Data observability is essential due to the fickleness of data, its heavy nature, and the time it takes to remediate issues.
Usage of data has been underrated, but it is becoming increasingly important to understand which dashboards are in use and to optimize views and tables.

‍

Event Transcript

Introduction [00:00:00]

Kevin: Hi everyone! Welcome to our second live data chat and first of the year. Last time, David and I had a lot of fun. This is really an extension of our one-on-ones, right David? It literally goes from our one-on-one into a webinar.

David: Happy New Year everyone. Yeah, absolutely. This is definitely a reflection of what Kevin and I just talk about anyway.

Kevin: I swear we talk about company stuff too, but usually we talk about data stuff and the recent posts that David has.

But this time around, we're going to turn the tables a little bit. David is going to ask me questions about what exactly is data observability?

The motivation is: this is a question that we ask ourselves a lot. And we'll not leave this call until everyone has an answer to that question. And once you do, we'll end the call. So I'll pass it over to David.

What exactly is meant by the term data observability? [00:00:58]

Summary: Data observability is the degree of visibility you have into the state of your data at any given time, and it's important to understand the state of your data relative to the goal that you wanted to accomplish. Good data observability means you have the visibility to get ahead of data issues beforehand, while bad data observability means the first time you hear about a data issue is when a stakeholder bumps into it.

David: There's very few people out there who can answer this question as well as Kevin. What exactly is meant by the term data observability?

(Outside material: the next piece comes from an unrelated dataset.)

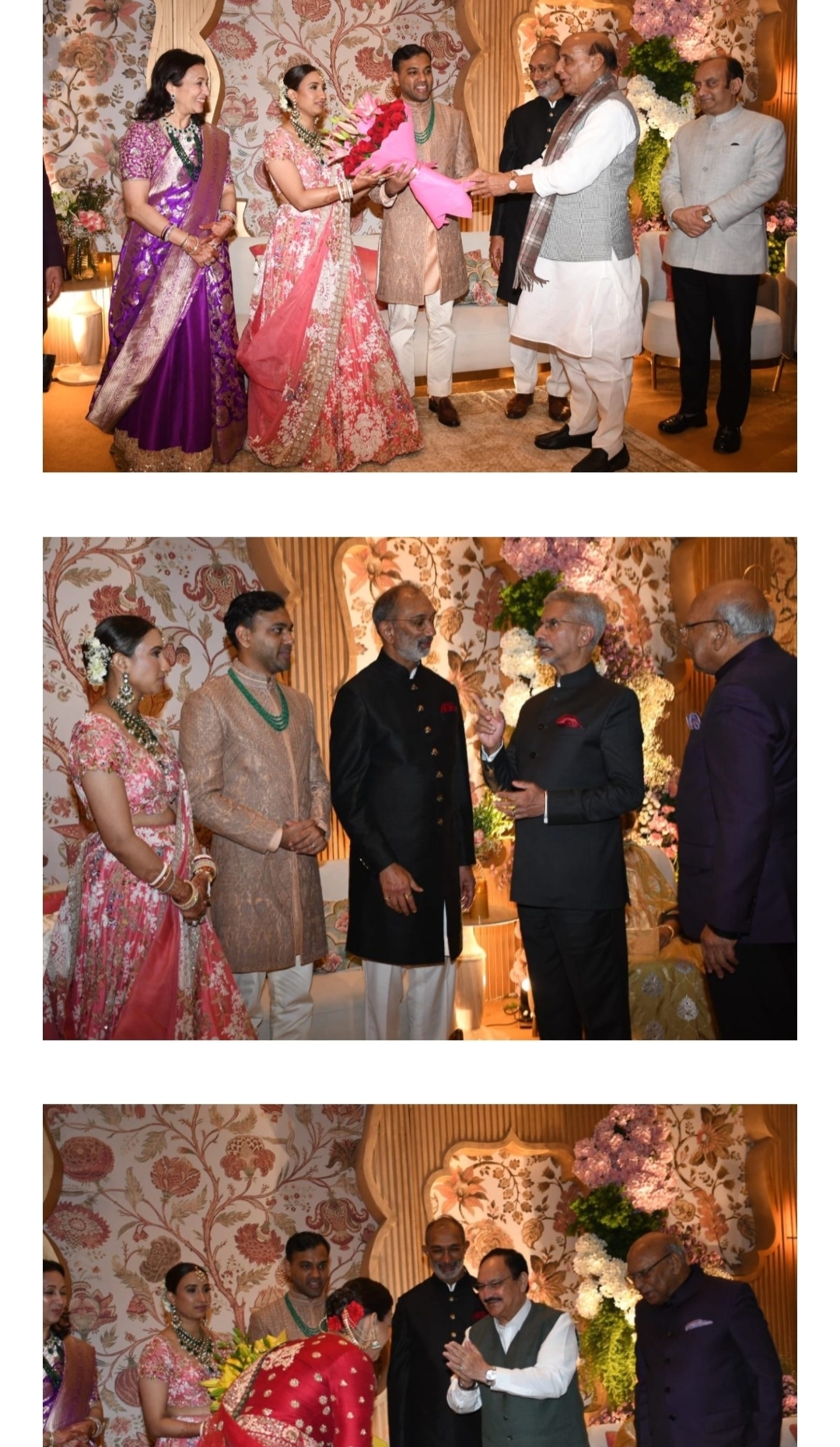 इस हाई-प्रोफाइल वैवाहिक आयोजन में भारतीय राजनीति के सबसे कद्दावर चेहरों ने शिरकत की। गृह मंत्री अमित शाह और रक्षा मंत्री राजनाथ सिंह ने वर-वधु से मिलकर उन्हें शुभकामनाएं दीं। इसके साथ ही विदेश मंत्री डॉ. एस. जयशंकर और केंद्रीय स्वास्थ्य मंत्री व भाजपा के राष्ट्रीय अध्यक्ष जेपी नड्डा भी इस खास मौके के साक्षी बने।

Data observability is the degree of visibility you have into the state of your data at any given time.

I use that definition very intentionally because there are three key pieces there: data, state, and visibility.

Companies collect data, individuals collect data in order to represent the real world, where data is some approximation of what is happening and what has happened, and in some cases what will happen.

However, data is not a full representation of the entire world. It's not even a full representation of the entire world that your business cares about. And it's only an approximation at any given point in time.

Things in the world happen continuously, whereas data sometimes might be batch, sometimes it might be streaming, but even streaming data doesn't collect it down to the quantum time.

It's important then to discuss: what is the state of your data? Because ultimately data is meant to serve a purpose within businesses. Businesses at the highest level: they make money, they don't lose money, and they try and mitigate risk.

There's different use cases you can encourage and support in order to drive those three levers and different technologies that you can put in place and teams to put in place in order to support those use cases, which we can get into another time.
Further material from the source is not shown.